Rev thanks for the drawing. So would the "Fulcrom" in the position of the drawing actually be resting on the ground at that point? Then as the motor continues to turn pushes the fore arm across the hole opening forcing it up and then down as the link peaks at the surface and then dragging back across?

Would the wrist need to be hinged as well?


----------



## Revenant (Mar 17, 2007)

joker said:


> Rev thanks for the drawing. So would the "Fulcrom" in the position of the drawing actually be resting on the ground at that point? Then as the motor continues to turn pushes the fore arm across the hole opening forcing it up and then down as the link peaks at the surface and then dragging back across?
> 
> Would the wrist need to be hinged as well?

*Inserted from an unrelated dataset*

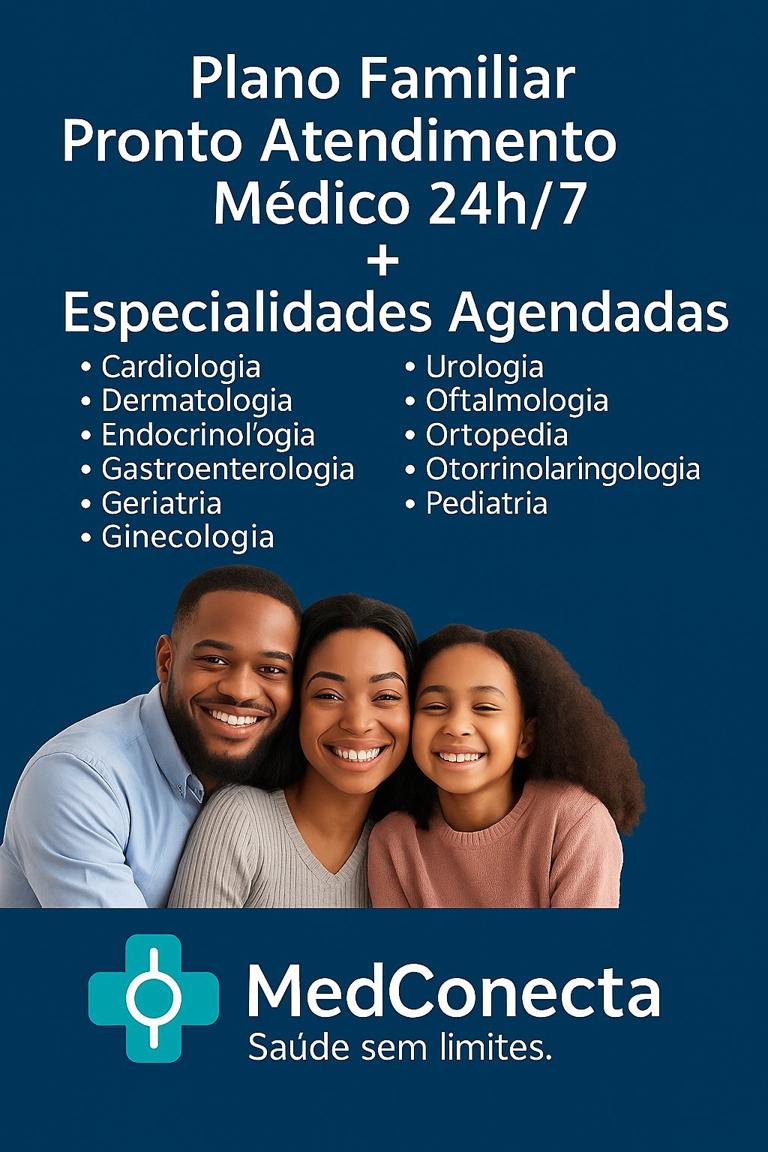 Plano Familiar (titular + 3 dependentes) com bônus para compra de remédios ou desconto em exames médicos. Sem carência.

Like I said, the drawing is mondo-crude n crappy and has no sense of positioning or scale, but yeah, that's the basic idea. As the crank rotates (CCW in my pic) from 9:00 to 6, the hand would be in a retracted position and tip upward... from 6 to 9, the arm would reach up and out, a little past 9 it would fall forward on the ground, then as the crank travelled back toward 9 it would drag the hand back. In my pic the fulcrum is way too far back, it would make the forearm tower straight up... you'd want it to be at the ground level some distance in front of the joint that connects the arm to the crank so the arm just reaches forward at an angle. And it looks like a hellacious trench in my pic; really it would only have to be a slot cut in the ground deep and wide enough for the flat stock of the crank and some of the arm to fit down into so it didn't leverage the arm to high on the downward stroke. And as far as the wrist goes, the one I saw done just had a straight arm/hand. I guess you could play with little 4-bar linkages or something to make his fingers clutch at the ground, but I think it looks neat just simple. Don't think I've seen it done with both arms before...


----------